The two races don't interbreed in the field, and the chemical structure of the sex pheromone holds the key
The ECB sex pheromone, called 11-tetradecenylacetate, contains a long zig-zag tail of 14 carbon atoms, with one double bond. This can be in the E (trans) configuration, or alternatively the Z (cis) configuration which causes the tail to bend at that point. This seemingly small structural variation makes a big difference at mating time. When an ECB female of the Z-race is ready to mate, she releases the E and Z isomers in a ratio of 3:97, and only Z-race males are attracted. E-females emit the same isomers but in a ratio of 98:2, and this attracts only E-race males, "In evolutionary biology this is called a 'reproductive isolation barrier'; which is interesting because it can mark the beginning of the evolution of new species," Jean-Marc Lassance, first author of the study, explains.
A difference in enzymes (reductases) is responsible for the different E and Z ratios
"However, these two races are still far away from a development into new species, and this was actually a crucial advantage for our genetic analyses," says Astrid Groot from the Max Planck Institute for Chemical Ecology, who has been studying sex pheromones of moths since 2001. "Although they wouldn't find each other in the field, if we put males and females of different races together in the lab, mating occurs and fertile offspring are produced.

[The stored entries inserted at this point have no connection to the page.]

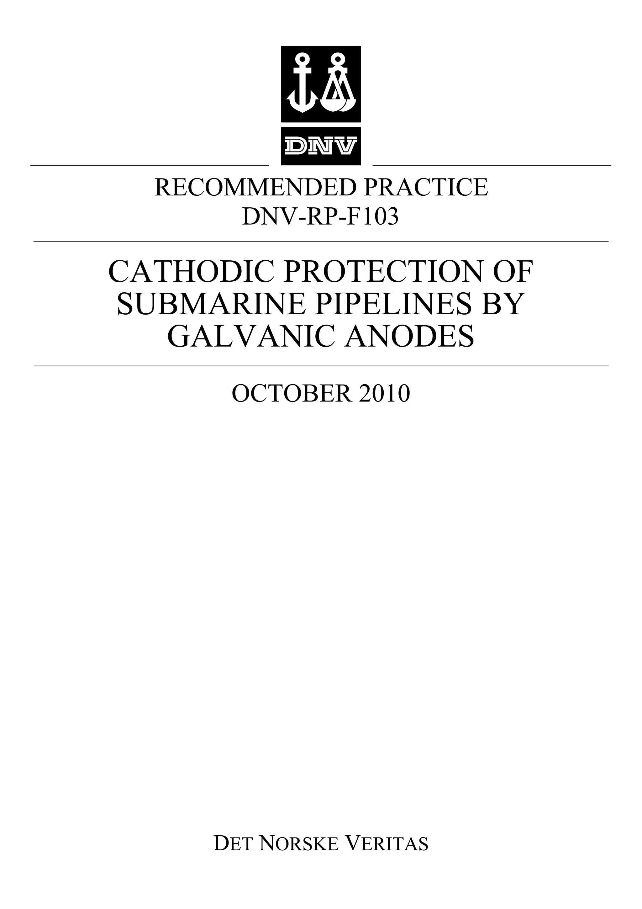 This document provides guidance on the cathodic protection of submarine pipelines by galvanic anodes. It covers topics such as calculating cathodic protection current demand, sizing anodes to meet the demand, anode manufacturing requirements, anode installation procedures, and documentation. The guidance is general but allows for customization to project specifics or regulatory requirements. The objective is to ensure cathodic protection systems are adequately designed and installed to protect submarine pipelines from corrosion.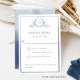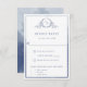 Elegant wedding RSVP card with a beautiful navy blue botanical monogram, with the ability to add meal choices, or, if you rather have RSVP without meal options, simply erase meal instructions and choices from text boxes to delete or add in its place a personal message to your guests (i.e. "hope you can make it, can't wait to see you there!"). The fine navy blue watercolor frame on the front, while the back with a delicate watercolor wash in blue hues watercolor wash. Clean, minimal, and elegant style. Monogram with initials in calligraphy. Part of our "Navy Watercolor Botanical Monogram Wedding" Collection with a variety of coordinating products available. Visit the entire collection with this link: https://www.zazzle.com/collections/navy_watercolor_botanical_monogram_wedding-119781162008756698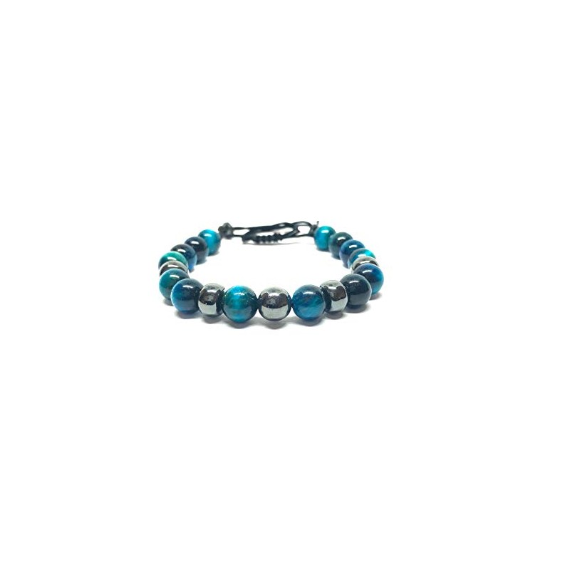Ochrana Pulsera Ajustable de Ojo de Tigre Azul zircón con hematita de 8mm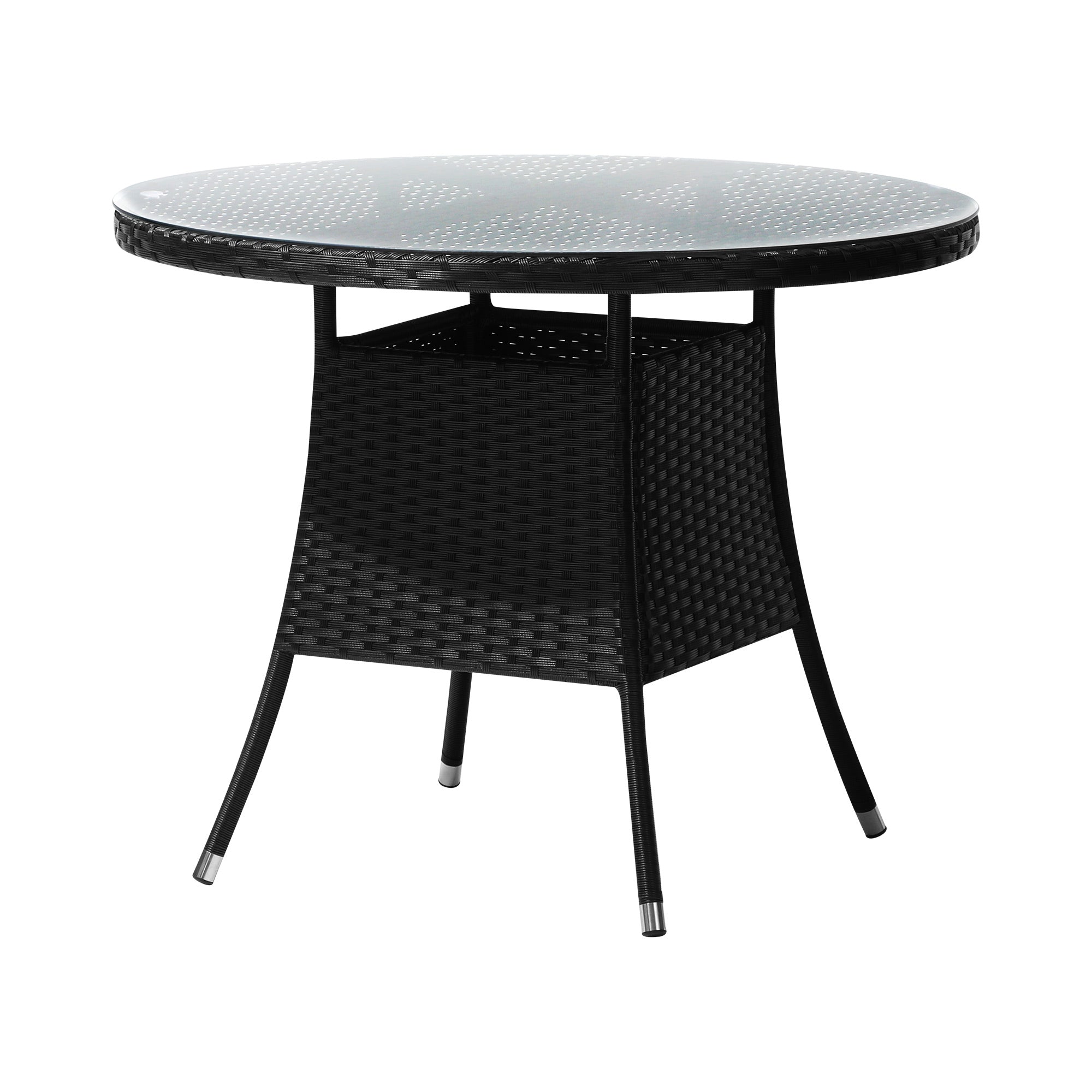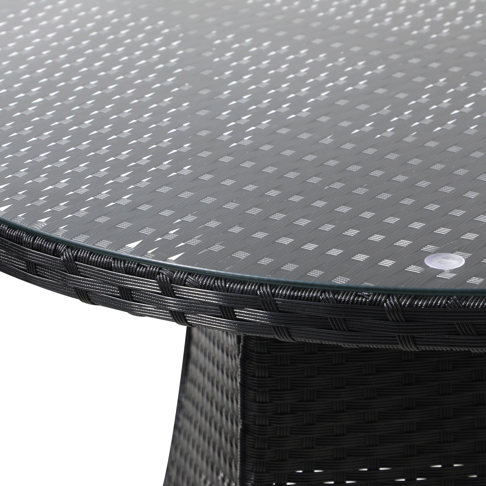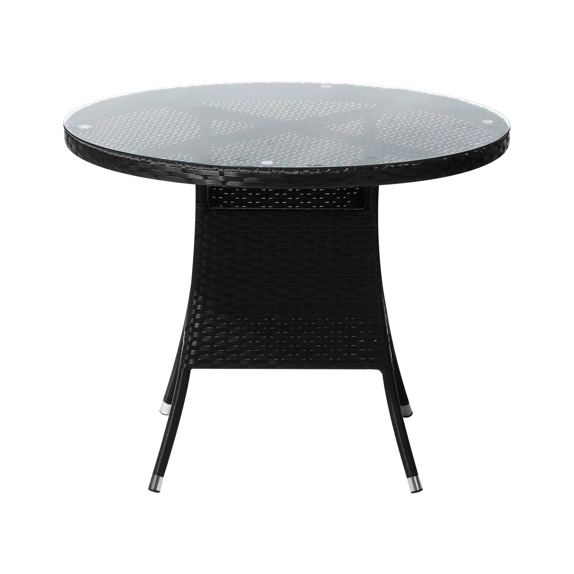 Livsip Outdoor Dining Table 90CM Round Rattan Glass Table Patio Furniture Black

This allowed us to map the gene controlling this difference in female pheromone production." This gene mapped to a different chromosome from the desaturase enzyme that first introduces the E or Z double bond into the 14-carbon tail, but to the same chromosome as the reductase enzyme that later produces the final pheromone. Intriguingly, there are many differences in the amino acid sequences of the reductases isolated from the E or Z races. When Jean-Marc Lassance measured enzyme activities, he found that even though both races create the E and Z 14-carbon tail in nearly equal amounts, the reductase from E-race females mainly converted the E-form to the final pheromone, and the Z-race reductase converted mostly the Z-form. So a difference in the respective reductase enzymes is responsible for the different E and Z ratios released by the female pheromone glands.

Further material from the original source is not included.